WHAT TO DO -> The answer is the set of lines that include "with", copied from the data below.

INPUT ->
◇ ◇ ◇ ◇

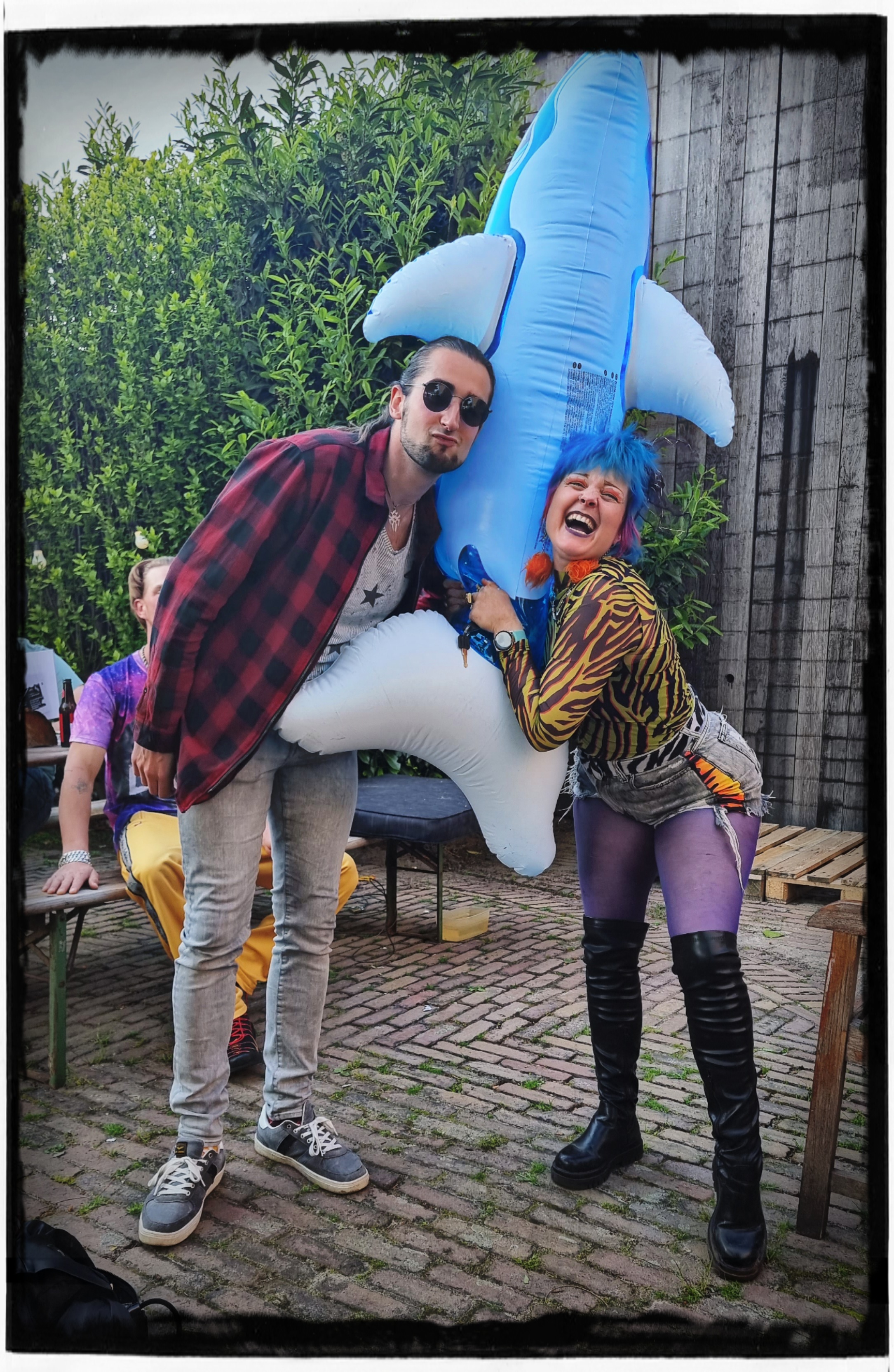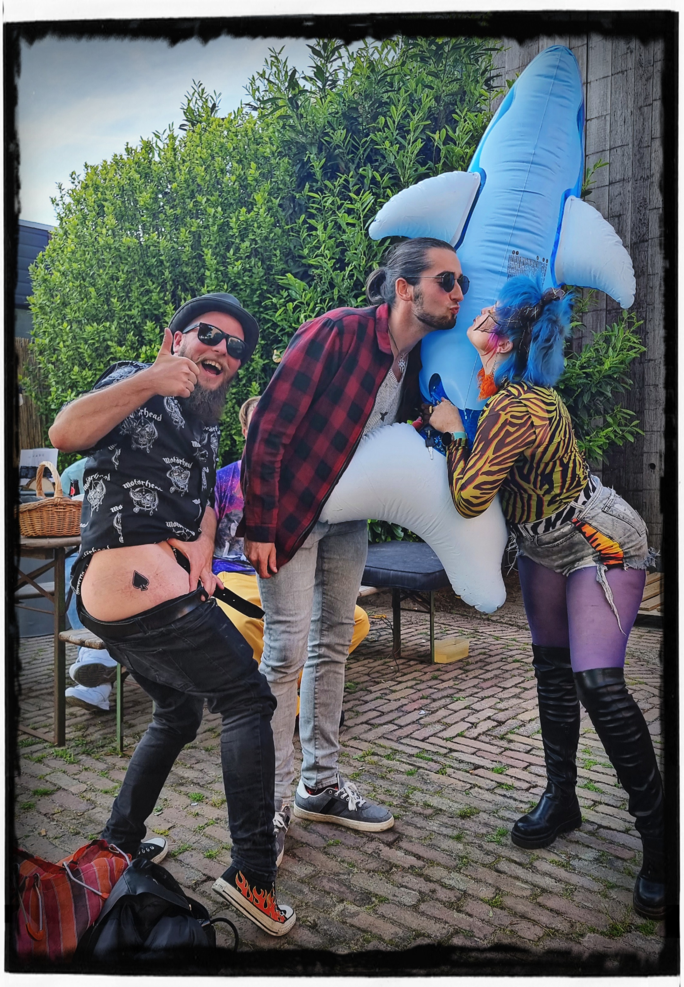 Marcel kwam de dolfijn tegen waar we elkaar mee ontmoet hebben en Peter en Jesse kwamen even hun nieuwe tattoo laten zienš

◇ ◇ ◇ ◇

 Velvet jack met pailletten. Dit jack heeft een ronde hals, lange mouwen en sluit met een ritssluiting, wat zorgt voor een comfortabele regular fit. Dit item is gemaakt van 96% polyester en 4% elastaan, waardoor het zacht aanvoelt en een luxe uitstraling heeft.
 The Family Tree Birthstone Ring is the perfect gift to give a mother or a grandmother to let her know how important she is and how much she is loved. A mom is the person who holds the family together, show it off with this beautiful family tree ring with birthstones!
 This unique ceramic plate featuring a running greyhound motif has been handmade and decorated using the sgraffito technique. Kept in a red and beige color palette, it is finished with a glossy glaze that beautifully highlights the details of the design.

◇ ◇ ◇ ◇

SOLUTION FOR THIS PROBLEM ->
 The Family Tree Birthstone Ring is the perfect gift to give a mother or a grandmother to let her know how important she is and how much she is loved. A mom is the person who holds the family together, show it off with this beautiful family tree ring with birthstones!
 This unique ceramic plate featuring a running greyhound motif has been handmade and decorated using the sgraffito technique. Kept in a red and beige color palette, it is finished with a glossy glaze that beautifully highlights the details of the design.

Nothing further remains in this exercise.